Little did I know, just up the road, working with men I knew and competed against in lifeguard competitions, Beth Ann Faragher, a lifeguard with the City of Boca Raton, was on her way to making US Supreme Court history.

Sexually harassed for the better part of five years, Faragher brought claims against Boca Raton under Title VII.  After a hard-fought trial, the court found:

“From time to time over the course of Faragher’s tenure at the Marine Safety Section, between 4 and 6 of the 40 to 50 lifeguards were women.  During that 5-year period, Chief of the Marine Safety Division Terry repeatedly touched the bodies of female employees without invitation,  would put his arm around Faragher, with his hand on her buttocks, and once made contact with another female lifeguard in a motion of sexual simulation. He made crudely demeaning references to women generally, and once commented disparagingly on Faragher’s shape. During a job interview with a woman he hired as a lifeguard, Terry said that the female lifeguards had sex with their male counterparts and asked whether she would do the same.”

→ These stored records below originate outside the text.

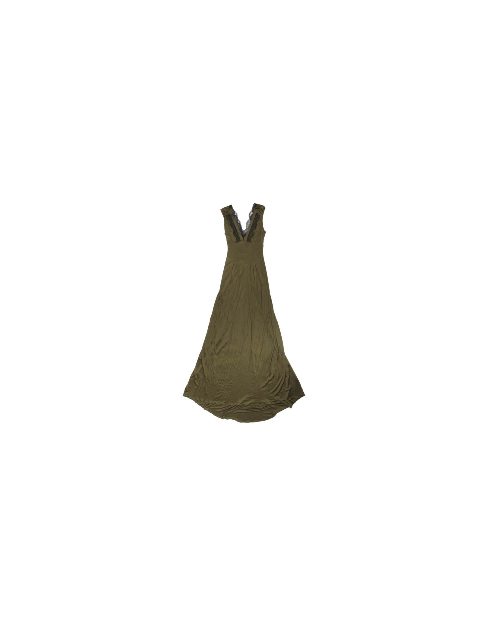 CHRISTIAN LACROIX soft evening own in khaki green satin viscose Size 40FR
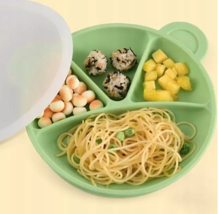 Силиконовая тарелка с отделениями в форме головы мишки с крышкой!
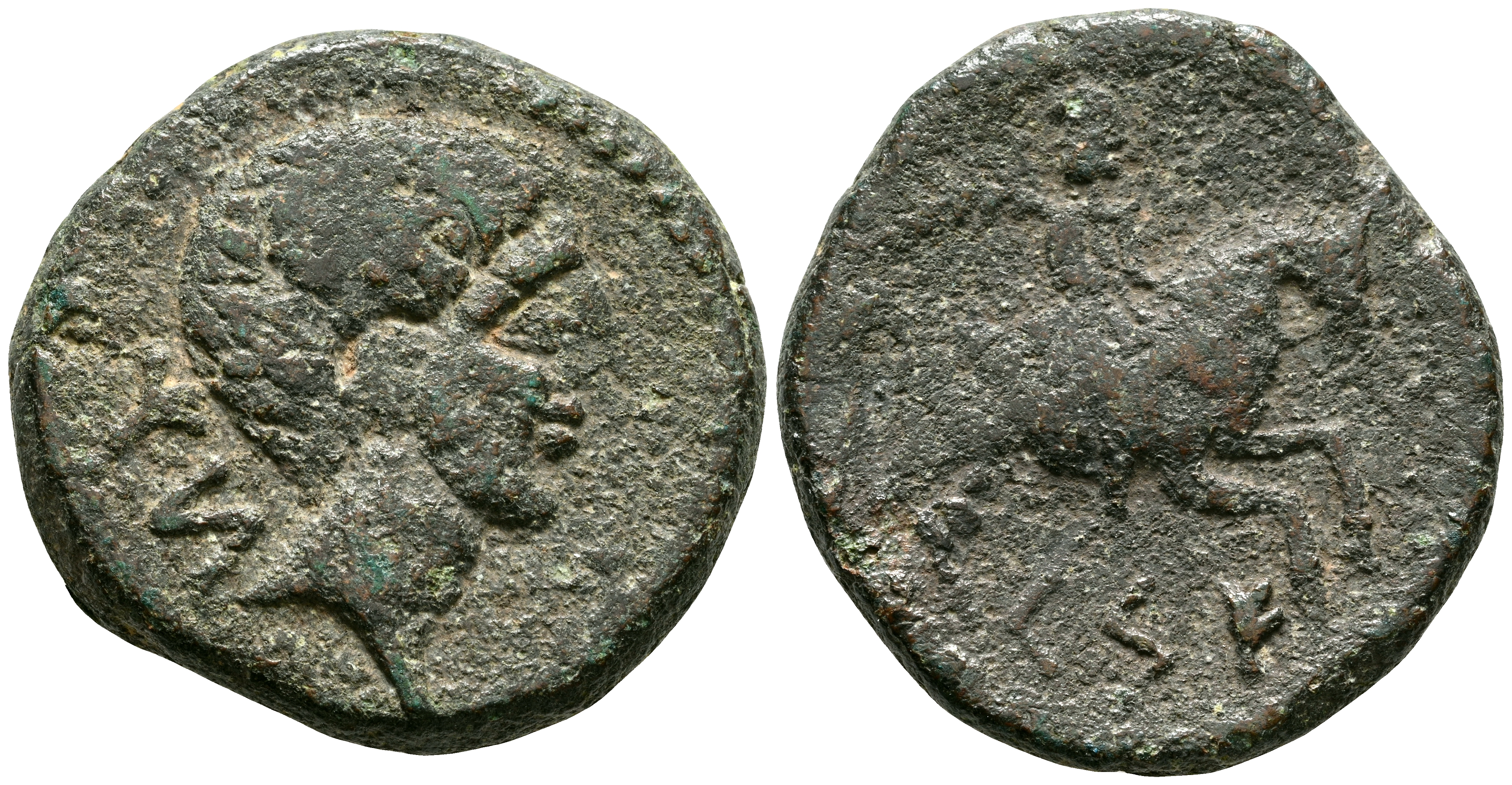 CESE (Tarragona). As. (Ae. 8,61g/24mm). 120-20 a.C. (FAB-2294). Anv: Cabeza masculina a derecha, detrás letras ibéricas: Ti y Gi. Rev: Jinete con palma a derecha, debajo leyenda ibérica: CeSE. MBC-.
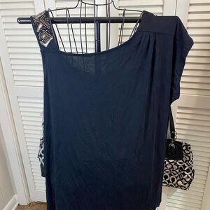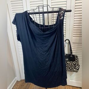 A absolutely stunning black top with beaded shoulder. It doesn’t have a fabric tag but it feels like the softest stretchy tee you could imagine 😊
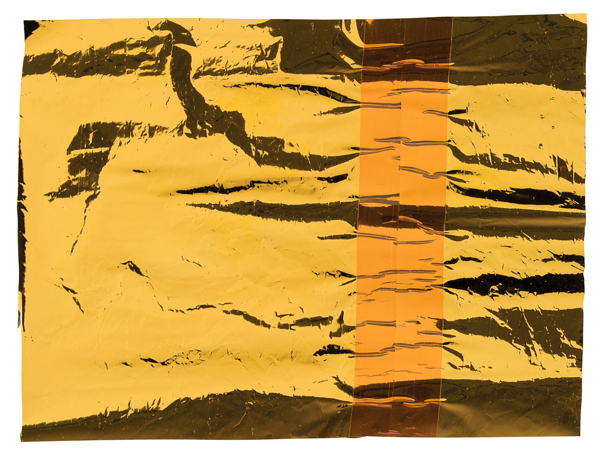 Large 4.75 x 6.5 swatch of Kapton foil removed from the descent stage of the Lunar Module Eagle mere days before the historic launch of the Apollo 11 mission. In fine condition.
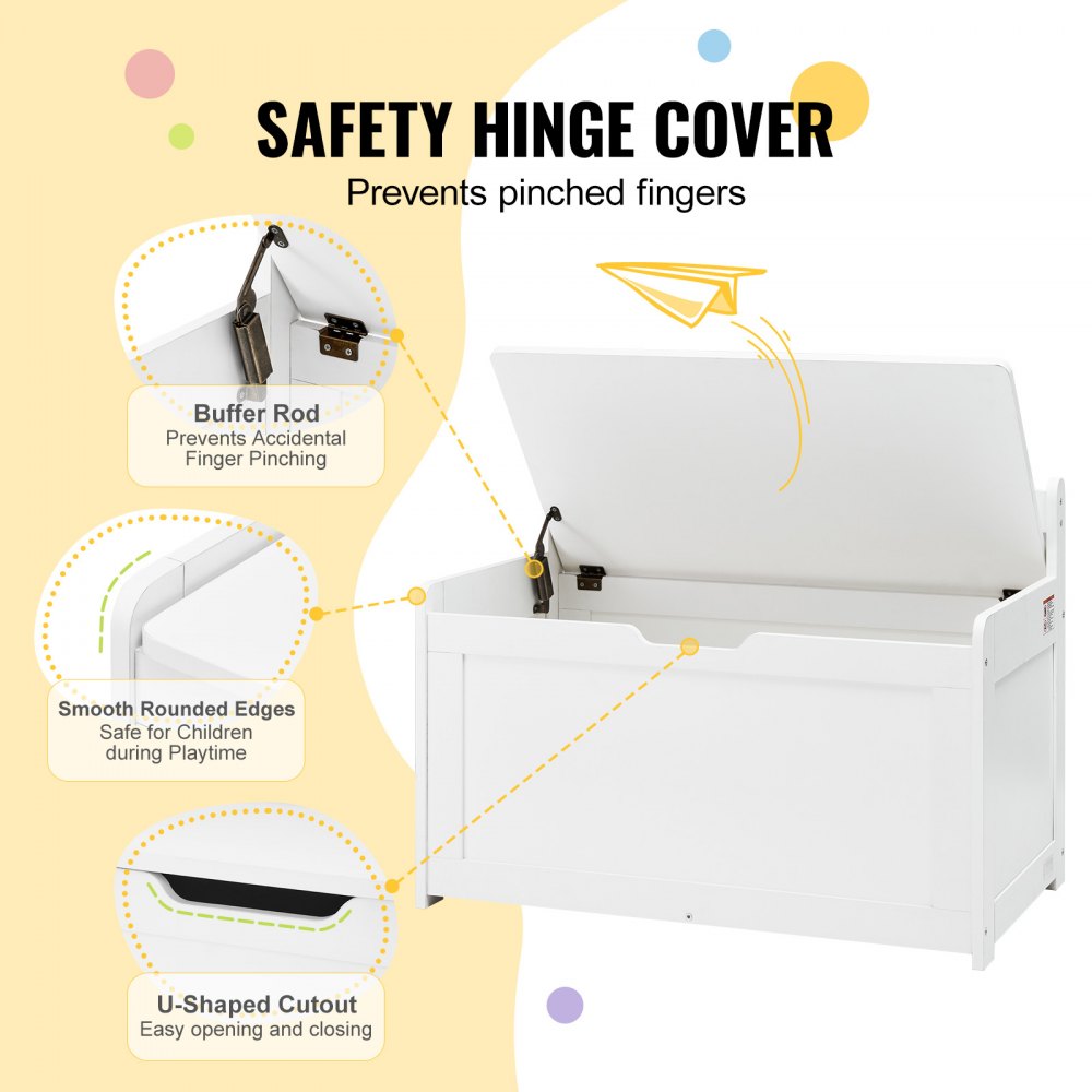 Ławka dziecięca VEVOR, ławka z miejscem do przechowywania, skrzynia na zabawki dla dzieci, schowek na zabawki, skrzynia na zabawki z zawiasową pokrywą i oparciem, 830 x 455 x 609 mm, biała - Artykuły biurowe | Galaxy Sklep
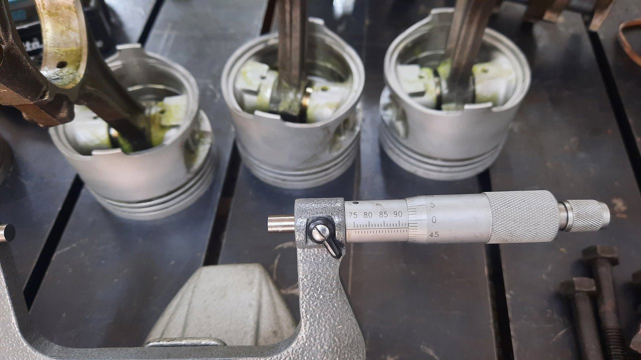 Tłoki (oprócz jednego) też wyglądają na nowe. W sumie są, tylko chyba kiedyś coś się z jednym z nich stało (będzie to widać później, przy okazji zdjęć ze składania silnika). Coś mnie jednak tknęło i zmierzyłem tłoki. Mają nominalny wymiar 92,98mm, czyli nie są nadwymiarowe.

Marine Safety lieutenant David Silverman behaved in similar ways. He once tackled Faragher and remarked that, but for a physical characteristic he found unattractive, he would readily have had sexual relations with her.  Another time, he pantomimed an act of oral sex. Within earshot of the female lifeguards, Silverman made frequent, vulgar references to women and sexual matters, commented on the bodies of female lifeguards and beachgoers, and at least twice told female lifeguards that he would like to engage in sex with them.”

The court of appeals, however, reversed the trial court and found in favor of Boca Raton.  This led to the landmark US Supreme Court decision in favor of Faragher in 1998.

Faragher’s odyssey began in the 1980s, a decade which witnessed an explosion of sexual harassment cases under Title VII.  That’s right, it took about 20 years for a cultural shift to “allow” cases to be brought under a law that was passed the year The Beatles started the British Invasion in America.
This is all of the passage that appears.